A Beijing-based aviation industry investment company reportedly renewed its attempt to acquire stakes in a Ukrainian aircraft engine manufacturer and the application is being reviewed by the Ukrainian antitrust authority, Global Times reported.
The Ukrainian company, which has built engines for the world’s largest transport aircraft the An-225, could help China boost its aeroengine industry if the deal materializes, Chinese analysts said.
Skyrizon, also known as Beijing Tianjiao Aviation Industry Investment Company, is waiting for the result of an assessment by the Antimonopoly Committee of Ukraine, the report said.
The result will be announced after July 22, according to a reorganization note between Skyrizon and Beijing Xinwei Technology Group Co published on the website of the Shanghai Stock Exchange by Xinwei Technology.
Skyrizon and Xinwei Technology are under the control of the same legal representative, according to tianyancha.com, a business inquiry service provider.
The new application was handed to the relevant Ukraine government authority on June 7 and accepted on June 21. Skyrizon would own more than 50% of Motor Sich if the acquisition works, read the note.
China has 13 types and more than 1,200 aircraft engines built by Motor Sich, the note said.

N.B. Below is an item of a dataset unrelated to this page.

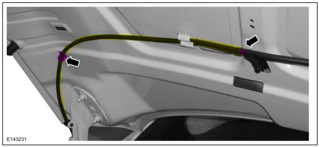 3. Disconnect the washer hose and pin-type retainers and position aside the washer hose.

But the US is unhappy about Motor Sich’s dealings with China, saying there might be national security risks from foreign investment transactions, the Washington Post reported in May.

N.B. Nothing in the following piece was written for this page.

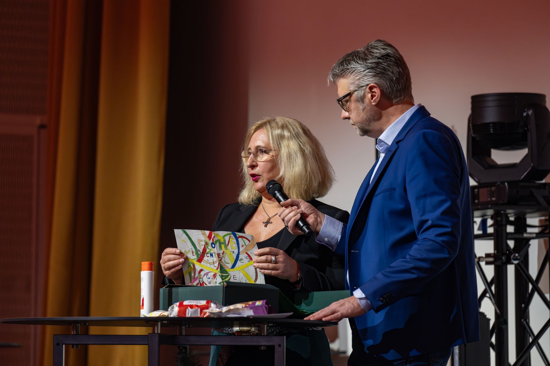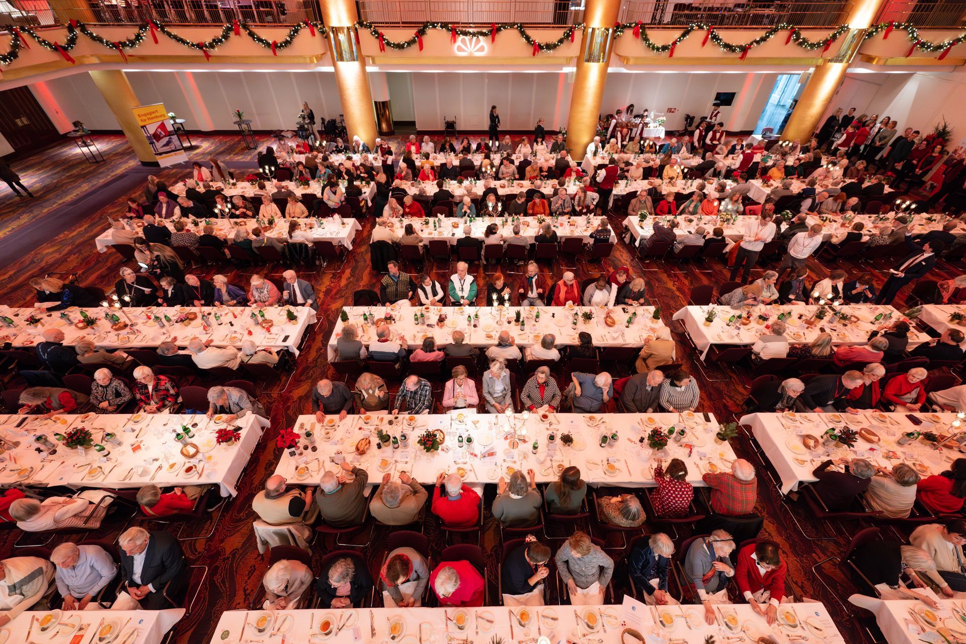 Eingeladen zu dieser besonderen Weihnachtsfeier waren mehr als 300 Seniorinnen und Senioren, die sich über ein buntes Programm freuen konnten: Im weihnachtlich geschmückten Festsaal des Hotels Grand Elysée wurden die Gäste von ihren Tischpaten an Stadtteil-Tischen in Empfang genommen und konnten so gleich zu Beginn mit Menschen aus ihrer Nachbarschaft ins Gespräch kommen. Dazu luden auch das Weihnachts-Quiz sowie die liebevoll gestalteten Weihnachtskarten des Struensee Gymnasiums ein. Nachdem erste Kontakte geknüpft waren, wurde ein köstliches Drei-Gänge-Menü serviert. Zu den weiteren Höhepunkten des festlichen Tages zählten die Künstlerin Jeannine Platz mit ihrer kunstvollen Gestaltung von Weihnachtskugeln, eine weihnachtliche Lesung und der Auftritt des Chors TKantate, der auch zum Mitsingen bekannter Weihnachtslieder einlud. Und zum Abschluss durfte natürlich die Bescherung nicht fehlen – alle Gäste erhielten vom Verein „Hamburger Abendblatt hilft e. V.“ ein Weihnachtspäckchen. Durch das Programm des Tages führten charmant und herzlich Uta Dänekamp und Mark Bremer.

The Ukrainian company lost its Russian clients when relations between the two countries broke down, according to the report.

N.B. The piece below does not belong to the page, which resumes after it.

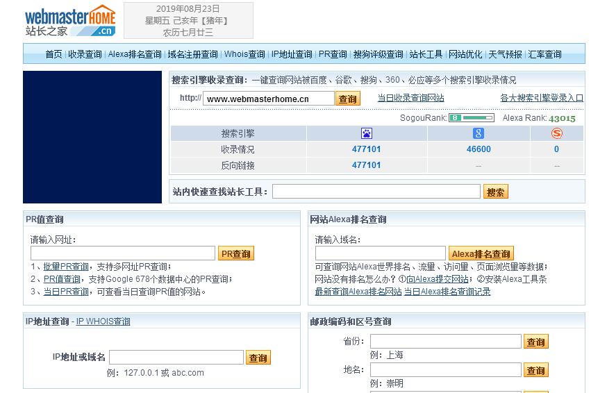 | 網站簡介: 站長之家提供網站綜合信息查詢,包括搜索引擎收錄查詢,反向鏈接查詢,Alexa排名查詢,PR查詢,IP地址查詢,WHOIS查詢,域名注冊查詢,過期域名查詢等站長工具。 |

Established in 1907, Motor Sich is considered one of the largest advanced aircraft engine manufacturers in the world and produces engines including turbofans, turboshafts and turboprops.
China still lags behind the world’s top level in aeroengines, an anonymous military expert told the Global Times.
China could close the gap on the foreign aeroengine industry and boost its domestic aeroengine supply if the acquisition becomes successful, the company note said.